# Action item
Everything in the records except the pictures should come back exactly as written.

=== Begin Enclosure ===

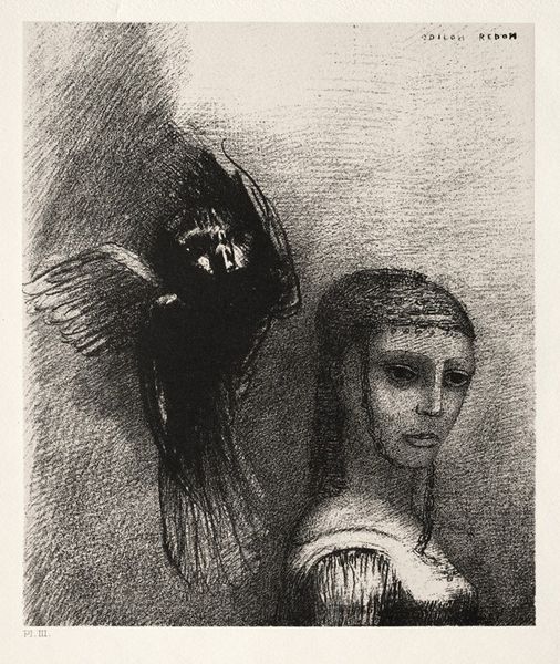 This lithograph was made by Odilon Redon, using a rather ingenious method that involves drawing with a greasy crayon on a stone, then treating it chemically so that ink adheres only to the drawn areas. Redon was fascinated by the velvety blacks and infinite gradations of grey he could achieve. The resulting prints have an uncanny, dreamlike quality, ideally suited to his symbolist imagery. Consider the work involved: not just the artist’s initial drawing, but the skilled labor of preparing the stone, and the repetitive work of printing each impression. It's a commercial medium, intended to circulate widely. The grainy texture evokes the mysterious. The richness of tonality, built up through layers of skilled labor, invites us to look closely, and to consider the connection between the image and the means of its production. It reminds us that even the most ethereal visions are grounded in material processes and social contexts.
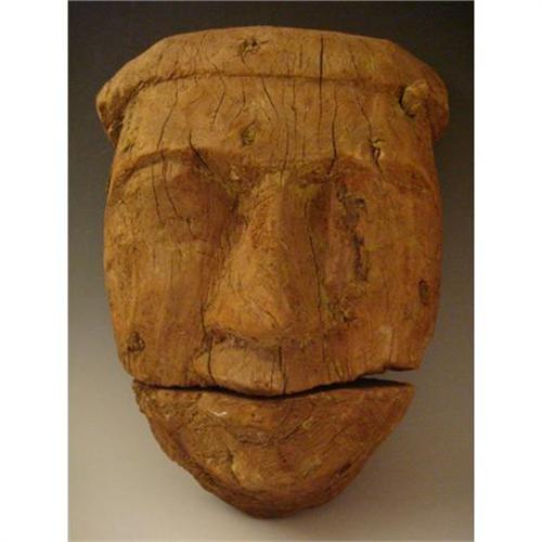 Late Period, 29th Dynasty. The wooden facial portion from a sarcophagus with handsome features . Carved from a solid piece of cedar wood, the features are rendered in a sensitive style with removable mouth , a narrow bridged nose. Some minor weathering, but a very handsome and H:11 1/8" x 28.3 cm) x W: 8 1/8"(20.8 cm) x D :3 1/4" (8.2 cm)
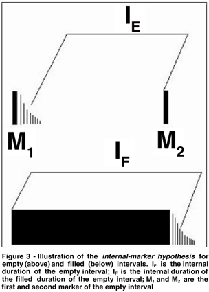 Moreover, for intervals ranging from 250 to 500 ms, temporal discrimination is usually better with empty intervals than with filled ones(36); the difference disappears, however, with longer intervals(39). The filled/empty difference can probably be explained by what has been called an internal-marker hypothesis(36,40). According to this hypothesis, discrimination levels for filled and empty intervals may differ because the timekeeping period in each case is not equal.
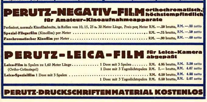 March 1927 is the first Perutz pricelist in my collection that mentions the Spezial-Fliegerfilm
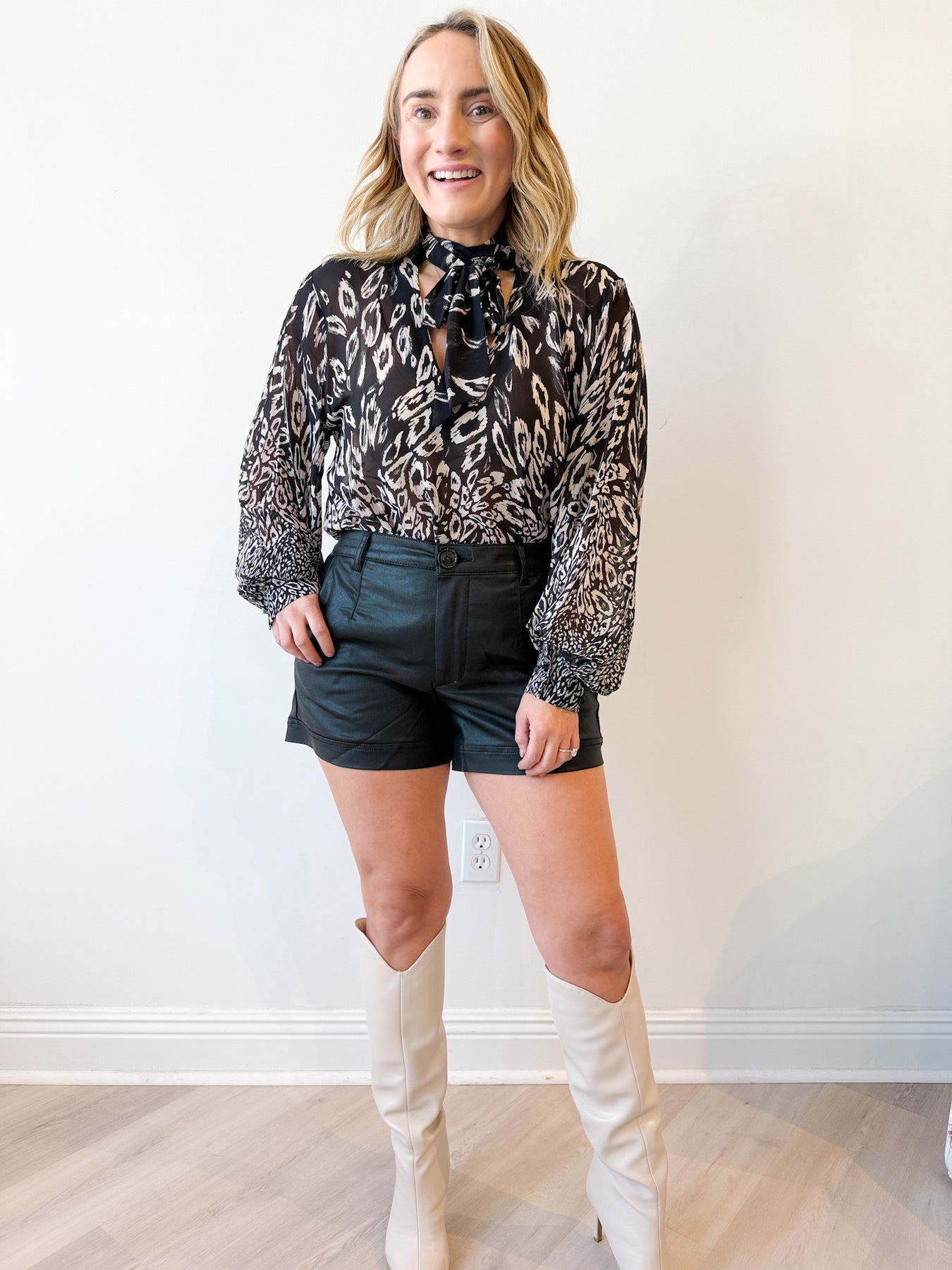 Make a bold yet effortless statement with the Faye Blouse. Designed in a sheer, flowy woven fabric with a striking black and white abstract print, this blouse features voluminous sleeves, button-up detailing, and a relaxed fit that drapes beautifully. Perfect for pairing with leather pants or denim for an elevated, artful look.
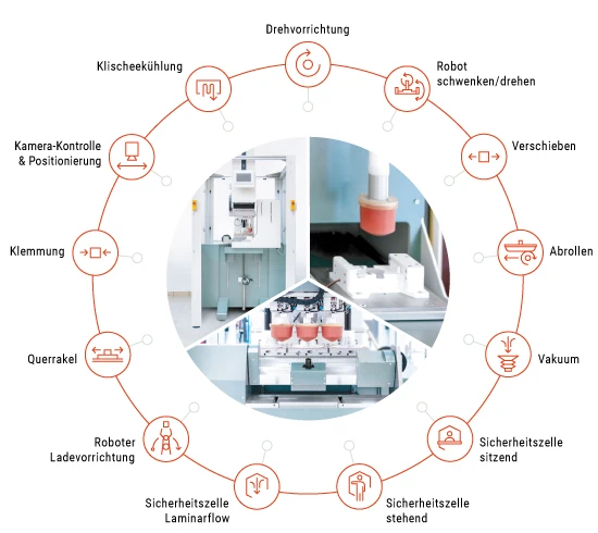 Für das selbständige arbeiten in einer Anlage wird mindestens die Tamponreinigungsüberwachung und der Viskomat empfohlen. Für hohe Ansprüche in der Produktionssicherheit können zudem die Füllstandsanzeigen für beide Einheiten sowie weitere Sensoren für Temperatur und Luftfeuchtigkeit ergänzt werden. Eine Klischeekühlung vermindert den Temperatureinfluss auf Farbübertragungs- und Topfzeit. Sicherheitszellen können speziell für Steharbeits- oder Sitzarbeitsplätze gestaltet werden. Diese können zusätzlich mit einem Rundschaltteller versehen und zur Staubminimierung mit einem Laminarflow ausgestattet werden.
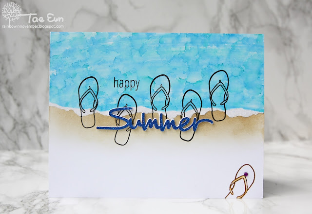 The flip-flop stamp is from Simon Says Stamp. I stamped them using StazOn black on the glossy paper and using black pigment ink on the card base.
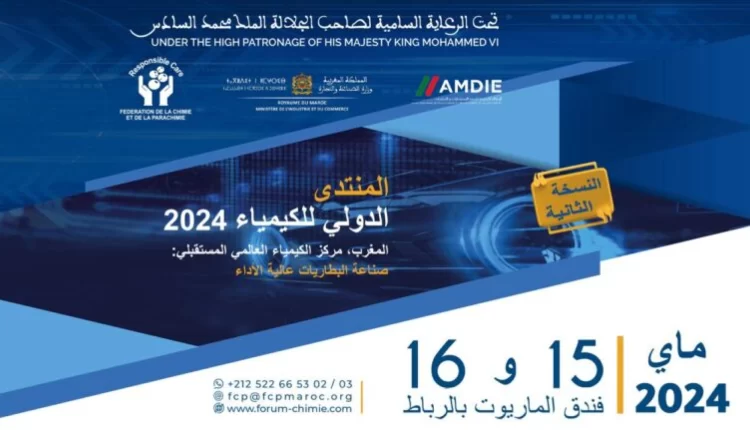 تعلن فدرالية الكيمياء وشبه الكيمياء عن تنظيم الدورة الثانية من المنتدى الدولي للكيمياء، تحت الرعاية السامية لصاحب الجلالة الملك محمد السادس، وذلك بالرباط يومي 15 و16 ماي 2024، بشراكة مع وزارة الصناعة والتجارة والوكالة المغربية لتنمية الاستثمارات والصادرات.
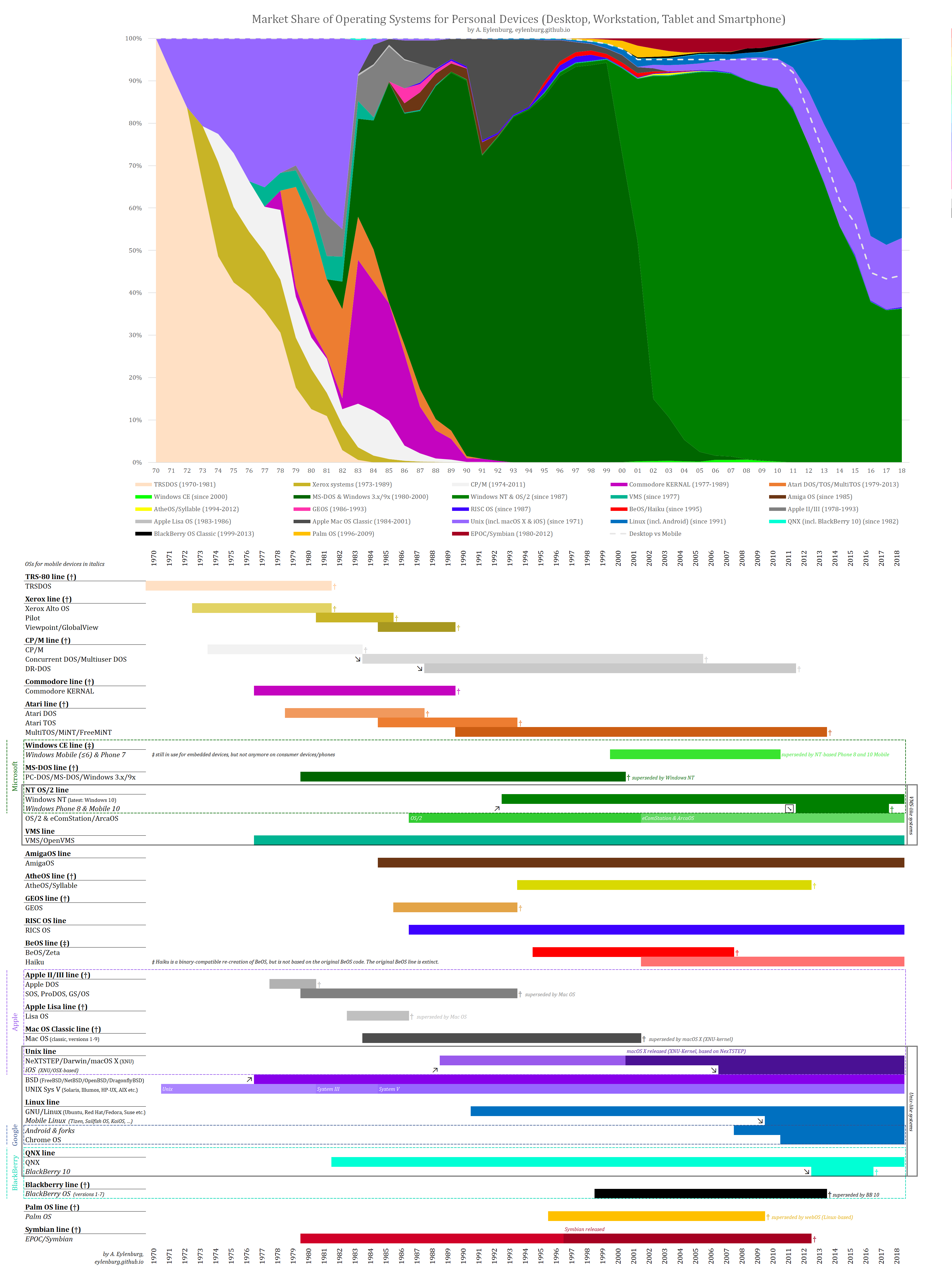 The below diagram shows the historical market shares of operating systems across personal devices (meaning "workstations", "PC", desktops, laptops, tablets and smartphones, but excluding for example servers). At the bottom you will see a short genealogy of the major "consumer" operating systems. Many historical operating systems families are long dead, some other are somehow still alive but barely so or have stopped not targeting the personal computing or workstation market anymore.
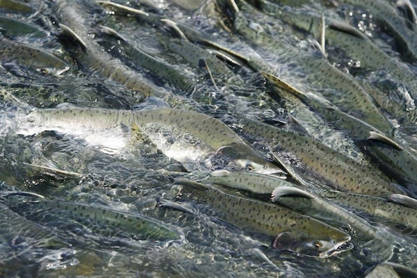 Thousands of pink salmon swim upstream to spawn in Valdez, Alaska, in August 2008.Lucas Jackson/Reuters
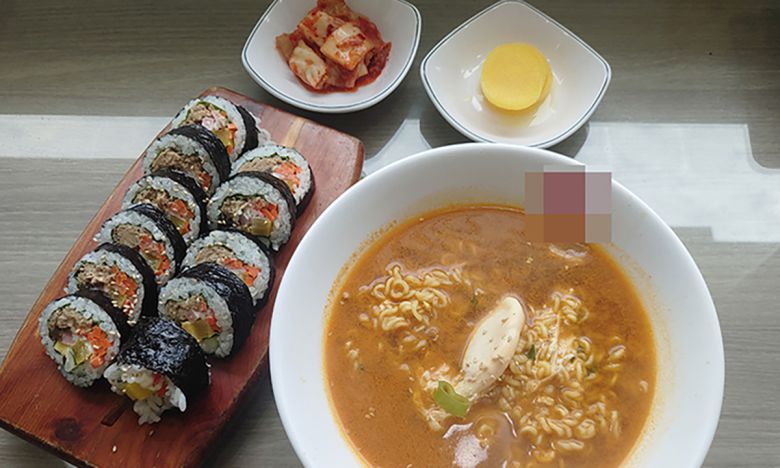 서울 용산구 한 분식점에서 주문한 라면과 김밥. 김경호 기자

=== End Enclosure ===

# Answer box
 This lithograph was made by Odilon Redon, using a rather ingenious method that involves drawing with a greasy crayon on a stone, then treating it chemically so that ink adheres only to the drawn areas. Redon was fascinated by the velvety blacks and infinite gradations of grey he could achieve. The resulting prints have an uncanny, dreamlike quality, ideally suited to his symbolist imagery. Consider the work involved: not just the artist’s initial drawing, but the skilled labor of preparing the stone, and the repetitive work of printing each impression. It's a commercial medium, intended to circulate widely. The grainy texture evokes the mysterious. The richness of tonality, built up through layers of skilled labor, invites us to look closely, and to consider the connection between the image and the means of its production. It reminds us that even the most ethereal visions are grounded in material processes and social contexts.
 Late Period, 29th Dynasty. The wooden facial portion from a sarcophagus with handsome features . Carved from a solid piece of cedar wood, the features are rendered in a sensitive style with removable mouth , a narrow bridged nose. Some minor weathering, but a very handsome and H:11 1/8" x 28.3 cm) x W: 8 1/8"(20.8 cm) x D :3 1/4" (8.2 cm)
 Moreover, for intervals ranging from 250 to 500 ms, temporal discrimination is usually better with empty intervals than with filled ones(36); the difference disappears, however, with longer intervals(39). The filled/empty difference can probably be explained by what has been called an internal-marker hypothesis(36,40). According to this hypothesis, discrimination levels for filled and empty intervals may differ because the timekeeping period in each case is not equal.
 March 1927 is the first Perutz pricelist in my collection that mentions the Spezial-Fliegerfilm
 Make a bold yet effortless statement with the Faye Blouse. Designed in a sheer, flowy woven fabric with a striking black and white abstract print, this blouse features voluminous sleeves, button-up detailing, and a relaxed fit that drapes beautifully. Perfect for pairing with leather pants or denim for an elevated, artful look.
 Für das selbständige arbeiten in einer Anlage wird mindestens die Tamponreinigungsüberwachung und der Viskomat empfohlen. Für hohe Ansprüche in der Produktionssicherheit können zudem die Füllstandsanzeigen für beide Einheiten sowie weitere Sensoren für Temperatur und Luftfeuchtigkeit ergänzt werden. Eine Klischeekühlung vermindert den Temperatureinfluss auf Farbübertragungs- und Topfzeit. Sicherheitszellen können speziell für Steharbeits- oder Sitzarbeitsplätze gestaltet werden. Diese können zusätzlich mit einem Rundschaltteller versehen und zur Staubminimierung mit einem Laminarflow ausgestattet werden.
 The flip-flop stamp is from Simon Says Stamp. I stamped them using StazOn black on the glossy paper and using black pigment ink on the card base.
 تعلن فدرالية الكيمياء وشبه الكيمياء عن تنظيم الدورة الثانية من المنتدى الدولي للكيمياء، تحت الرعاية السامية لصاحب الجلالة الملك محمد السادس، وذلك بالرباط يومي 15 و16 ماي 2024، بشراكة مع وزارة الصناعة والتجارة والوكالة المغربية لتنمية الاستثمارات والصادرات.
 The below diagram shows the historical market shares of operating systems across personal devices (meaning "workstations", "PC", desktops, laptops, tablets and smartphones, but excluding for example servers). At the bottom you will see a short genealogy of the major "consumer" operating systems. Many historical operating systems families are long dead, some other are somehow still alive but barely so or have stopped not targeting the personal computing or workstation market anymore.
 Thousands of pink salmon swim upstream to spawn in Valdez, Alaska, in August 2008.Lucas Jackson/Reuters
 서울 용산구 한 분식점에서 주문한 라면과 김밥. 김경호 기자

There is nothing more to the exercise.